Decision tree learning is one of the most important and widely used and sensible strategies for
Classification.
Wide used Decision tree learning algorithms square measure ID3, ASSISTANT, and C4.5.
INTRODUCTION
Decision tree learning is a method for approximating discrete-valued target functions,
In which the learned function is represented by a decision tree.
Learned trees can also be represented as set of using if-then rules to improve human
Readability.
These learning methods are inductive inference algorithms and are being successful
Used in diagnosing medical cases to learning to assess credit risk of loan applicants.
DECISION TREE REPRESENTATION
Decision trees classify instances by sorting them down the tree from the root to some
Leaf node, which provides the classification of the instance.
Each node in the tree specifies a test of some attribute of the instance, and each branch
Descending from that node corresponds to one of the possible values for this attribute.
An instance is classified by starting at the root node of the tree, testing the attribute
specified by this node, then moving down the tree branch corresponding to the value of
The attribute in the given example. This process id used again for the subtree rooted
At the new node.
Terminologies
Root Node (Top Node): It acts for the simple and this further gets divided. Into two or more homogeneous sets.
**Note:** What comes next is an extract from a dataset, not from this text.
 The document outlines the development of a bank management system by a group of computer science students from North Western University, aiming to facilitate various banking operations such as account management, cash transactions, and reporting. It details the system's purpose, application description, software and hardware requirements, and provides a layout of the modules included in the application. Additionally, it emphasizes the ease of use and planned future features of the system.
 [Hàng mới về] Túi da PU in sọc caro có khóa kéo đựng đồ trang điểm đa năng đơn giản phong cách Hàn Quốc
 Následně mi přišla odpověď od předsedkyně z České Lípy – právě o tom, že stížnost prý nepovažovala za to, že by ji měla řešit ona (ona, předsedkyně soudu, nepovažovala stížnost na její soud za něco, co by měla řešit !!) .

Splitting: It is a process of dividing. A node into two or more sub-nodes.
Decision Node: When a sub-node splits into further sub-nodes, then it called a decision node.
Leaf or Terminal Node: There is no Node with children are Called Leaf node.
Pruning (opposite of Splitting): When we reduce the size of decision trees by removing nodes the process is called pruning.
Branch or Sub-Tree: A subsection of the decision tree is called as a branch.
Parent and Child Node: A node, which is divided into sub-nodes is called a parent node sub-nodes
Whereas sub-nodes are the child of a parent node.